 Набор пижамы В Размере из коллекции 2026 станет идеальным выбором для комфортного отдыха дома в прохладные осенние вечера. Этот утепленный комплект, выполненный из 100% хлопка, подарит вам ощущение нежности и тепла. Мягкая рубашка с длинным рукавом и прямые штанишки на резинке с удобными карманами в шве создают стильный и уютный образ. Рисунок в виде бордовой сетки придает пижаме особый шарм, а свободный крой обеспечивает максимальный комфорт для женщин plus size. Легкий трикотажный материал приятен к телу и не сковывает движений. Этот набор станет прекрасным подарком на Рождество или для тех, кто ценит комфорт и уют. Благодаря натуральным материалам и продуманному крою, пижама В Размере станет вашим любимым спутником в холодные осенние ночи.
---
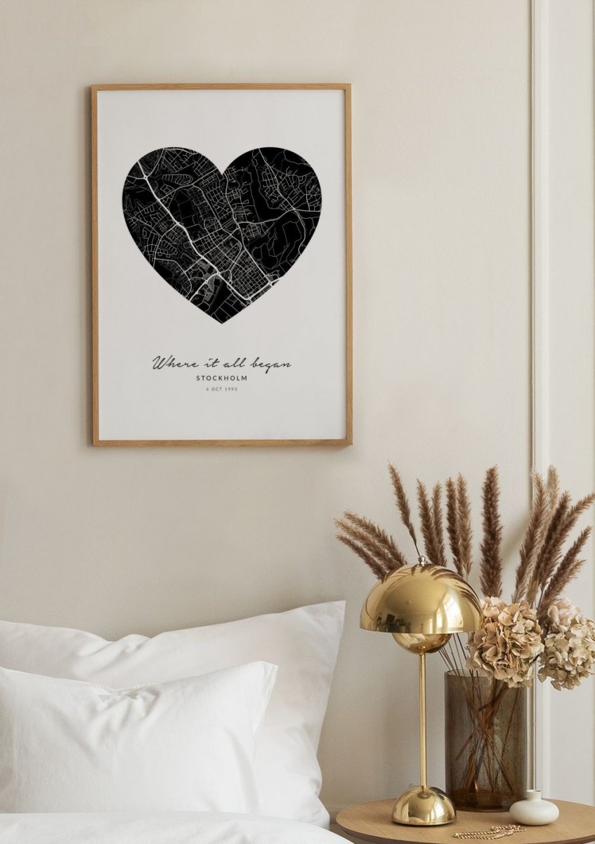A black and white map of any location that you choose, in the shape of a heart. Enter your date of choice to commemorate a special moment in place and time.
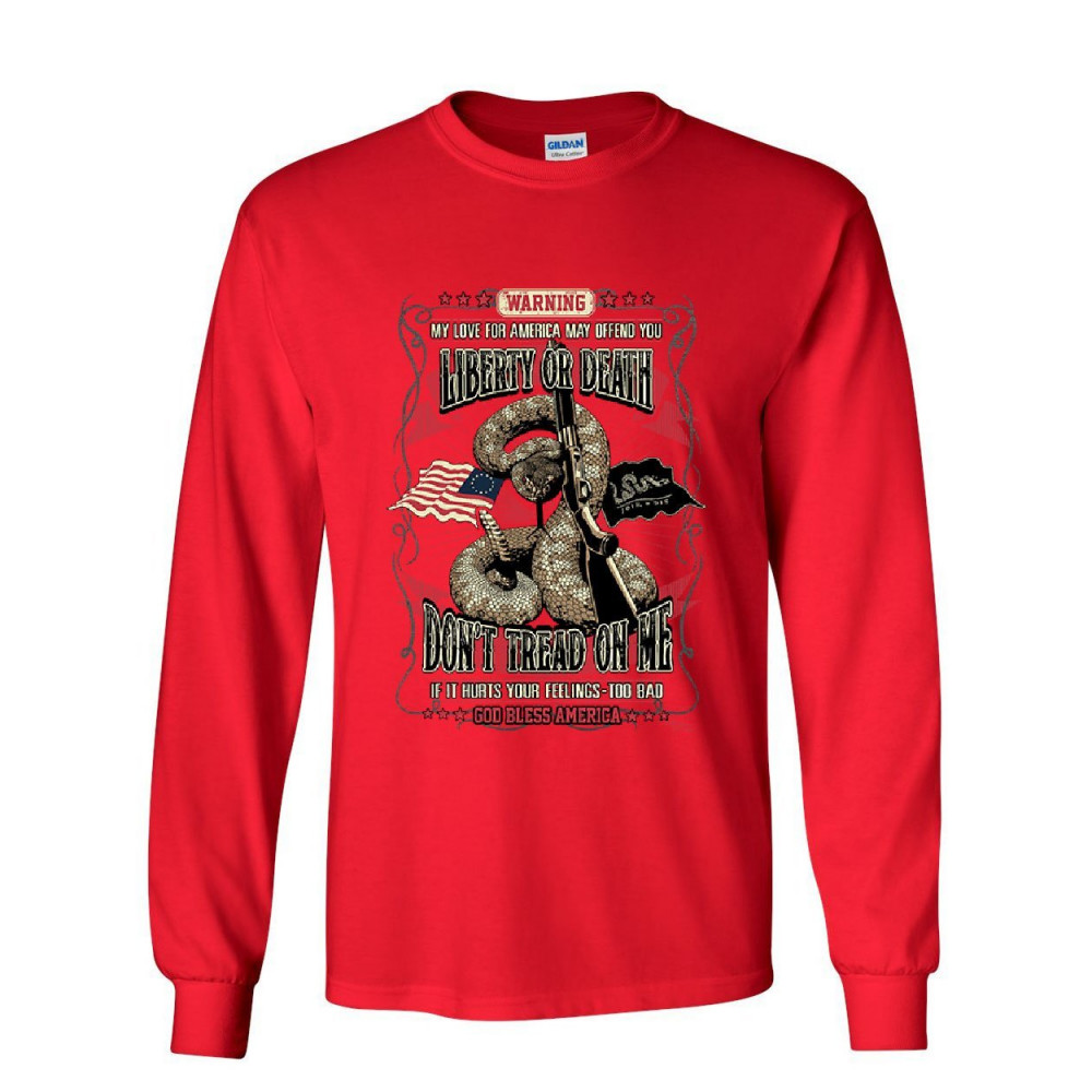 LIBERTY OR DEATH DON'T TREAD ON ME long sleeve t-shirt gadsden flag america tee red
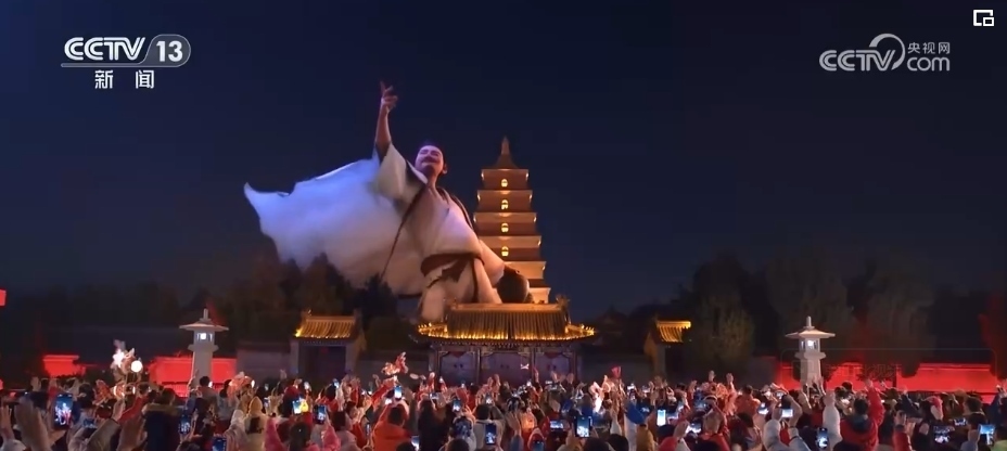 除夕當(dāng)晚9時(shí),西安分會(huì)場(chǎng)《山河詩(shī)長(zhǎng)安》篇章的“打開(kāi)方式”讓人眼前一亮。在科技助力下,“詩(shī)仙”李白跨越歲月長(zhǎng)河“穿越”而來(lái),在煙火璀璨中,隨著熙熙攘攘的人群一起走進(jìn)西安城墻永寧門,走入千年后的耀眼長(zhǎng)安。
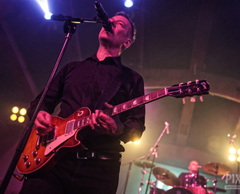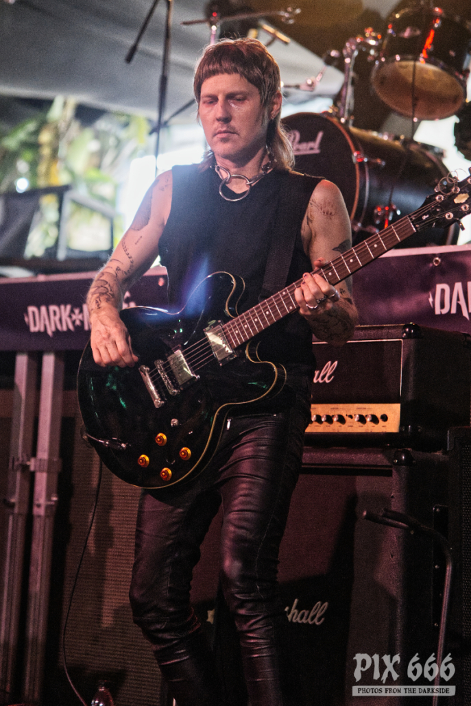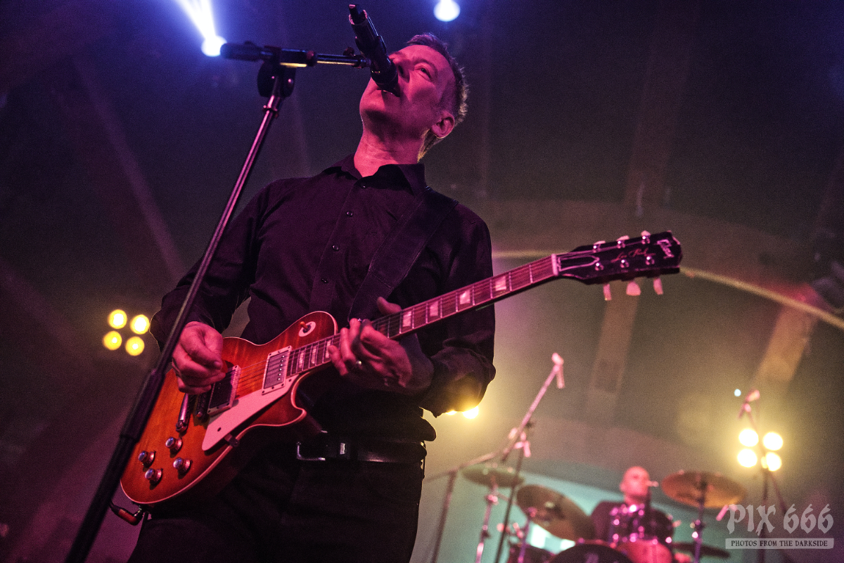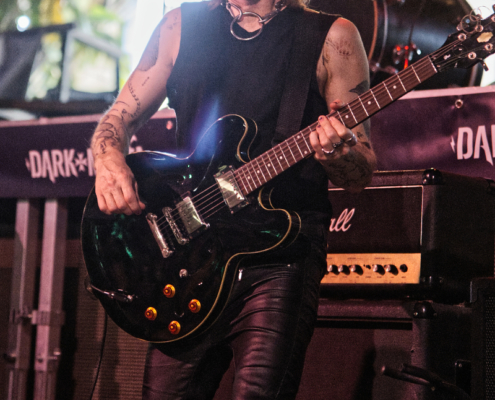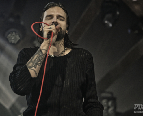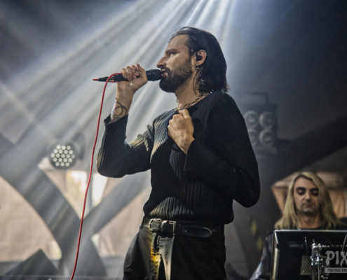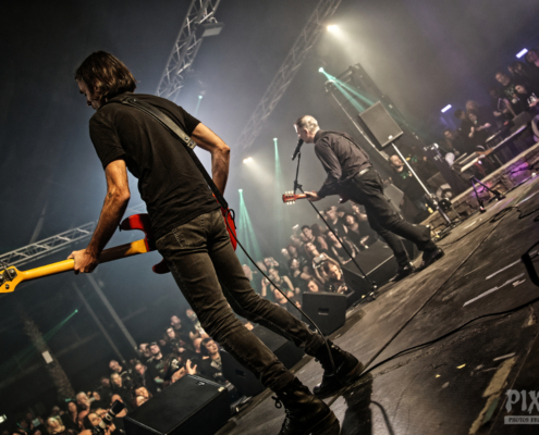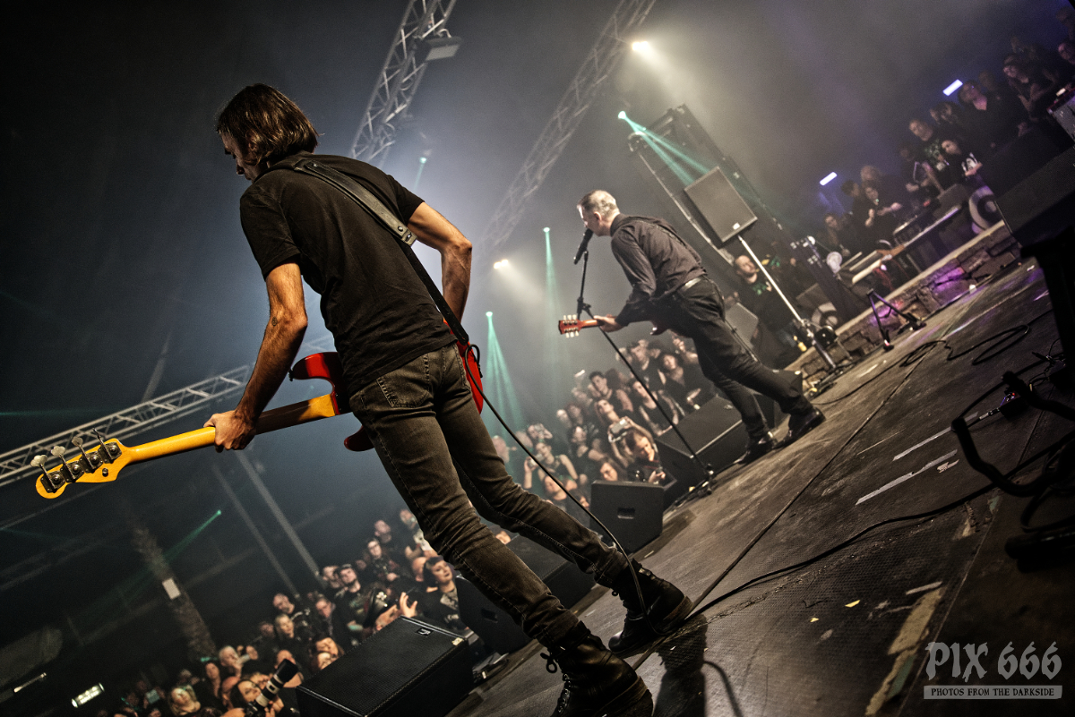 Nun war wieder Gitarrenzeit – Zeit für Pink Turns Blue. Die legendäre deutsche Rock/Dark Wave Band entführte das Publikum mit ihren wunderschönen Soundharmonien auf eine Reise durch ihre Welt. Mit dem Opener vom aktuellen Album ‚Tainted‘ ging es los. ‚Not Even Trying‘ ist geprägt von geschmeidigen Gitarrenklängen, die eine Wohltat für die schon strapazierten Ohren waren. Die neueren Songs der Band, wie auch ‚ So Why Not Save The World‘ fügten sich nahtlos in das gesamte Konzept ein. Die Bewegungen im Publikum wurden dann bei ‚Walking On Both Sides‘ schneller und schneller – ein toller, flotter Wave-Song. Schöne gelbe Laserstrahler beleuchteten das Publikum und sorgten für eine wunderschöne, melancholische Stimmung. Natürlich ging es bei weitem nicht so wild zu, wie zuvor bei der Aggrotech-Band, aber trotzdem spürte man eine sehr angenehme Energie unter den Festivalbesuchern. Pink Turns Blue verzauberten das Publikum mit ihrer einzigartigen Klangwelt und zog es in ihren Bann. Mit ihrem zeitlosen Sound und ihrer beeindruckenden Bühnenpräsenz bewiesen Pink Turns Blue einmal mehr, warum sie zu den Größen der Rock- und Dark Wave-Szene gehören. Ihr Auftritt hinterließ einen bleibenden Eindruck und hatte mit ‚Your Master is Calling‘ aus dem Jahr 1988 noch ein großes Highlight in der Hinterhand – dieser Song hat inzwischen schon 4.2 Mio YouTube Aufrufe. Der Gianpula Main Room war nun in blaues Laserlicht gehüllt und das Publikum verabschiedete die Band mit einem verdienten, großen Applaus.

**The problem:**
Print exactly the lines above that run from the one with "LIBERTY OR DEATH" to the one with "除夕當(dāng)晚9時(s", both included. No pictures.

**Solution:**
 LIBERTY OR DEATH DON'T TREAD ON ME long sleeve t-shirt gadsden flag america tee red
 除夕當(dāng)晚9時(shí),西安分會(huì)場(chǎng)《山河詩(shī)長(zhǎng)安》篇章的“打開(kāi)方式”讓人眼前一亮。在科技助力下,“詩(shī)仙”李白跨越歲月長(zhǎng)河“穿越”而來(lái),在煙火璀璨中,隨著熙熙攘攘的人群一起走進(jìn)西安城墻永寧門,走入千年后的耀眼長(zhǎng)安。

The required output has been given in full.